MARGARET FITZGIBBON OUTLINES THE EVOLUTION OF HER PRACTICE.
I completed a BA in Sculpture at Crawford College of Art and Design in the 1980s. Soon afterwards, I joined the recently formed Cork Artist Collective (est. 1985) and became a director, serving until 2006. Not only did CAC provide me with a studio, but also the fellowship of other emerging artists.
During the 90s, I completed a range of public art works. For example, in 1997, I was commissioned to create a site-specific commission for University College Cork, Ten Foolish and Wise Virgins, comprising ten bronze and stone sculptures, sited in the foyer of the O’Rahilly Building. In 2008, I completed an MFA in Sculpture at NCAD, followed by a practice-based PhD in 2013. My doctoral thesis was titled ‘Loss and Return: Exploring collective memory in an Irish family archive 1950-1966 through installation art practice’.

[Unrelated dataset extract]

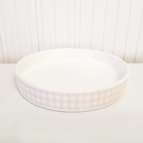 1 Bandeja de cerâmica redonda branca com estampa xadrez / vichy rosa rosé - diâmetro 23,5cm x 4cm alt.
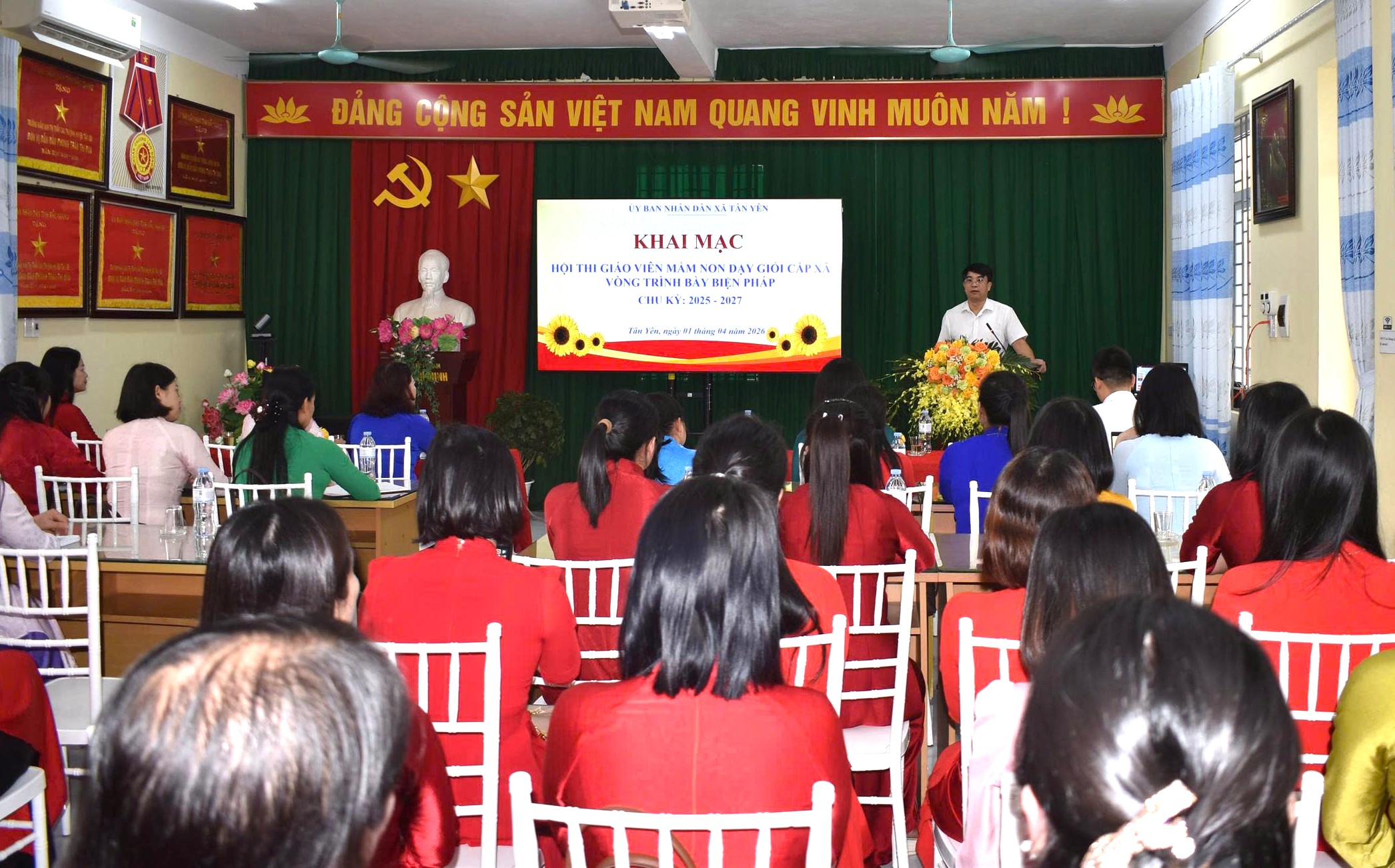Sáng ngày mùng 01/4, tại trường Mầm non Tân Yên, UBND xã Tân Yên tổ chức khai mạc hội thi giáo viên mầm non dạy giỏi cấp xã, vòng trình bày biện pháp, chu kỳ 2025-2027. Dự khai mạc có các đồng chí Thân Tuấn Anh, Phó Chủ tịch Thường trực UBND xã, Trưởng Ban Tổ chức hội thi; Nguyễn Hồng Khánh, Trưởng Phòng Văn hóa- Xã hội, Phó Trưởng Ban Tổ chức Hội thi.

I work across a wide range of media, including sculpture, textiles, sound, drawing, moving image, and collage, and my choice of materials is often intuitively led. I like my processes to be technically exact, however the final results often look spontaneous, even awkward, suggesting a sense of fragility. In the last few years, I’ve turned to early Surrealism, drawn to its recurring principle of ‘the strange beauty in the unexpected’. Different media have their own cultural and historical charge, which informs and resonates with me and, in turn, the viewer.
Art-making is how I process memories, experiences and observations. By fusing narrative modes, including poetry, text, image, and collage, I recalibrate the tensions between reality and fantasy. I often work in series and return to the same themes, which includes the natural world, the boundaries of the body, autobiography, memory, hidden histories, and feminism.

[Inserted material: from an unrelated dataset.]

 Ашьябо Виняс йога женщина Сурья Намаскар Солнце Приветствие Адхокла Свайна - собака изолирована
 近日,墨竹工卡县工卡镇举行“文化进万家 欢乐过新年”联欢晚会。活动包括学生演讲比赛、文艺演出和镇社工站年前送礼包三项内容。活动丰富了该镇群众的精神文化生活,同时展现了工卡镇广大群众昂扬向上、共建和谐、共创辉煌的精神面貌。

This summer I had two concurrent solo exhibitions. ‘You Begin’, at Mermaid Arts Centre (20 May – 1 July) presented new artworks employing a broad range of materials, such as ceramics, collage, and textiles. Making art through the global pandemic and affected by isolation, fear, and a new connectedness, I drew on the sensuality of plants and research on early female Surrealist artists. This exhibition was accompanied by a publication with an essay by Ingrid Lyons. For ‘Do you see us – Do you hear us?’ at Godsbanen Cultural Centre in Aarhus, Denmark (26 June – 21 August) I exhibited a series of large-scale collage works. These figurative works explore ancient mythologies and holistic forms of crafting, belonging and surviving in harmony with nature, conveyed through the repeated motif of female hands as symbols of both oppression and comfort that yearn to connect.

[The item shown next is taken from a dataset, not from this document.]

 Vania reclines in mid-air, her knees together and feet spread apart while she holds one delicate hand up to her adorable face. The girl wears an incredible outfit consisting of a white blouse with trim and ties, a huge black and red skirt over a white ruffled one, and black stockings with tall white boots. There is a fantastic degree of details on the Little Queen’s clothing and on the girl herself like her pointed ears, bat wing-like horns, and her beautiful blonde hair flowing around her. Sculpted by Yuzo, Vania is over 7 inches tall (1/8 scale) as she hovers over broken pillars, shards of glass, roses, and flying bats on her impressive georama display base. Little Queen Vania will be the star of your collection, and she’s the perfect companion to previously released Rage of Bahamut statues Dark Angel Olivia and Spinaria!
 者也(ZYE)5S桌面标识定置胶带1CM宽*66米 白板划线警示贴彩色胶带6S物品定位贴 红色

My plan for the next couple of years is simple enough – to continue making art. I’m currently in discussions with Godsbanen and Pamela Gomberbach (Project Manager, AaBKC International) to develop an artist residency in Aarhus next year; researching at HEX! Museum of Witch Hunt, located in Riba, the oldest town in Denmark. I would like to find an Irish venue to exhibit the Aarhus collages. I’m also at the early stages of a short, experimental animation, for which I received an Arts Council of Ireland award.
Margaret Fitzgibbon lives in Dublin and has a studio in Glencree, County Wicklow.